*** Opening of Records for the exercise ***
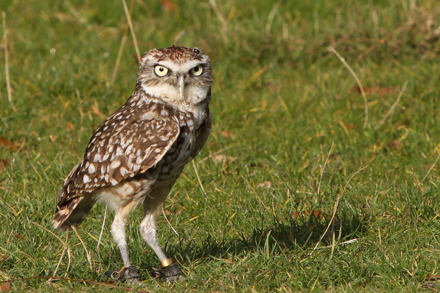 Burrowing Owl at Diergaarde Blijdorp, Rotterdam, Netherlands.
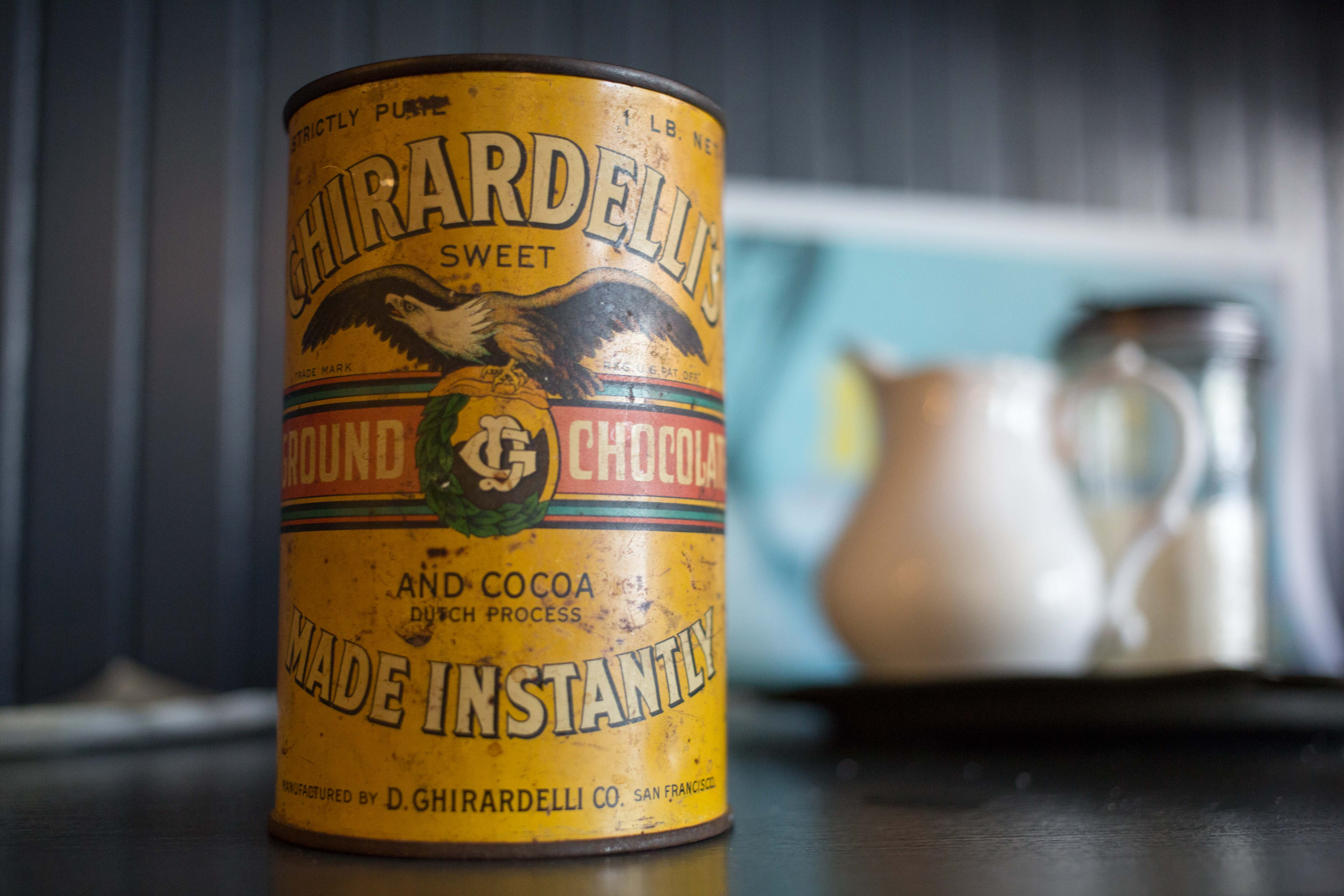 Ghirardelli Chocolate can photographed March 23 2013
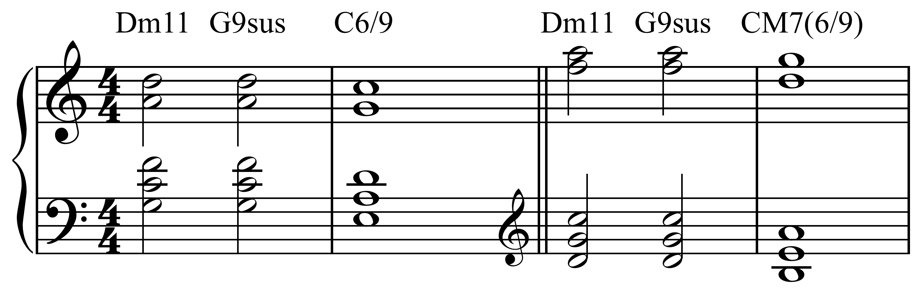 ii-V-I turnaround with fourth voicings: all chords are in fourth voicings. Created by Hyacinth (talk) 03:33, 18 March 2010 using Sibelius 5.
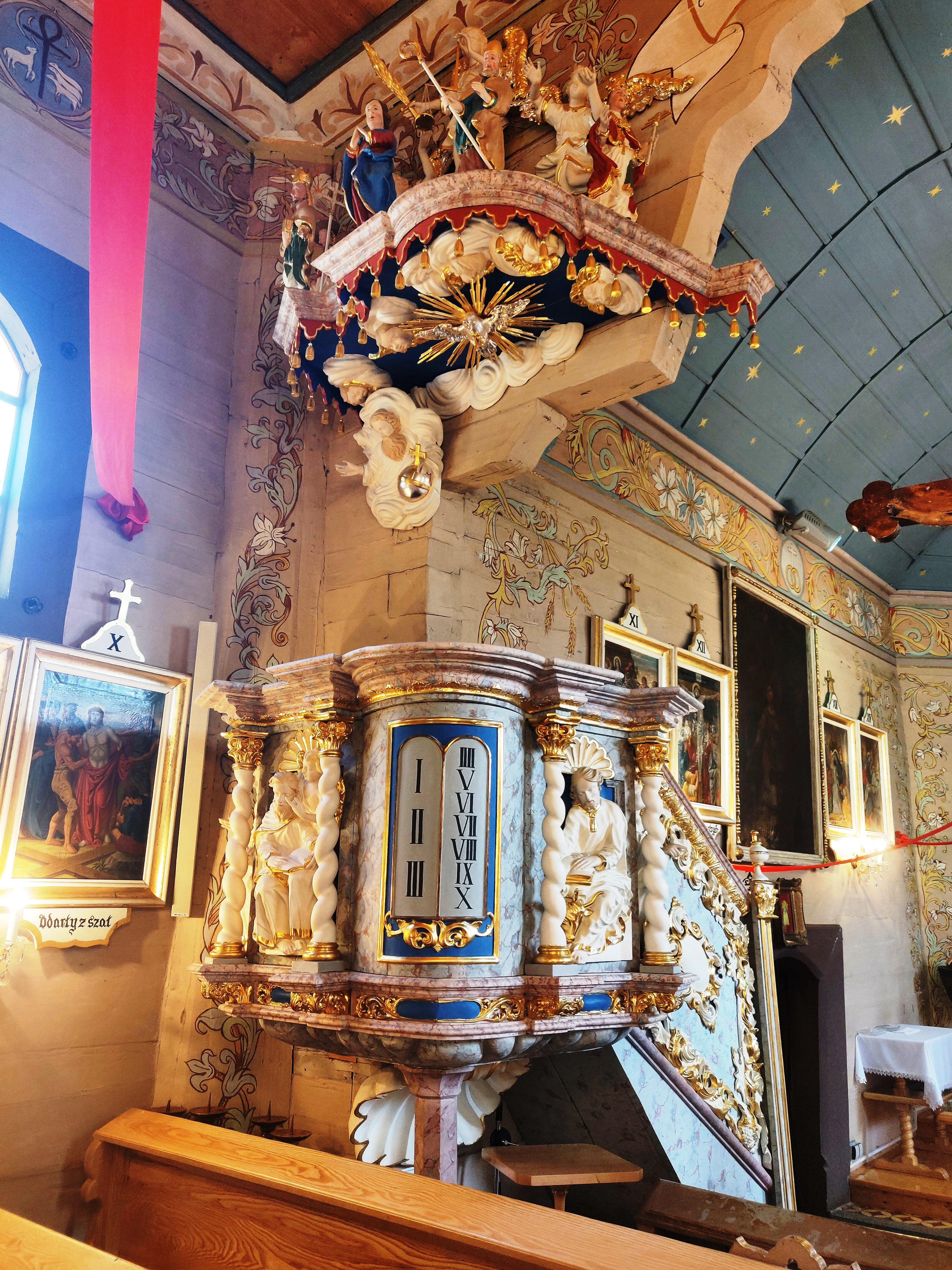 Saint Lawrence church in Bielowicko (inside)
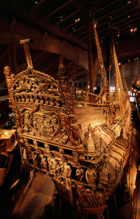 The Wasa from the stern, Stockholm, May 2004
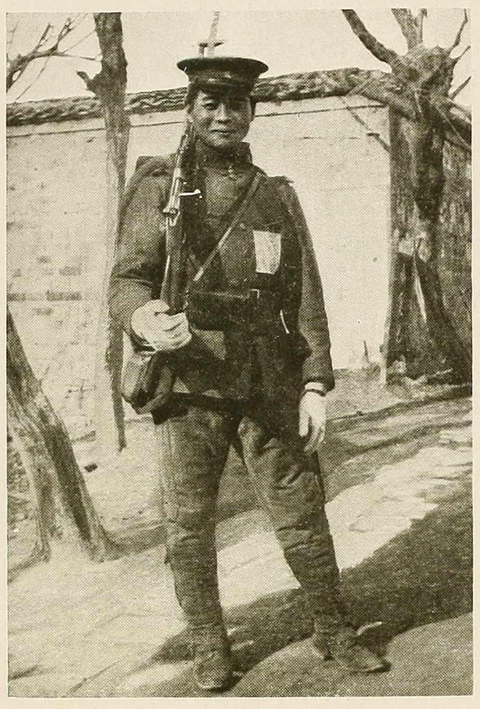 “A Chinese in France” - from the book Fighting America's fight.
*** Close of Records for the exercise ***
What the exercise asks: Set the pictures aside and restate word for word only the lines from the line containing "Ghirardelli Chocolate can" through the end of the entries above, both included.

Worked solution:
 Ghirardelli Chocolate can photographed March 23 2013
 ii-V-I turnaround with fourth voicings: all chords are in fourth voicings. Created by Hyacinth (talk) 03:33, 18 March 2010 using Sibelius 5.
 Saint Lawrence church in Bielowicko (inside)
 The Wasa from the stern, Stockholm, May 2004
 “A Chinese in France” - from the book Fighting America's fight.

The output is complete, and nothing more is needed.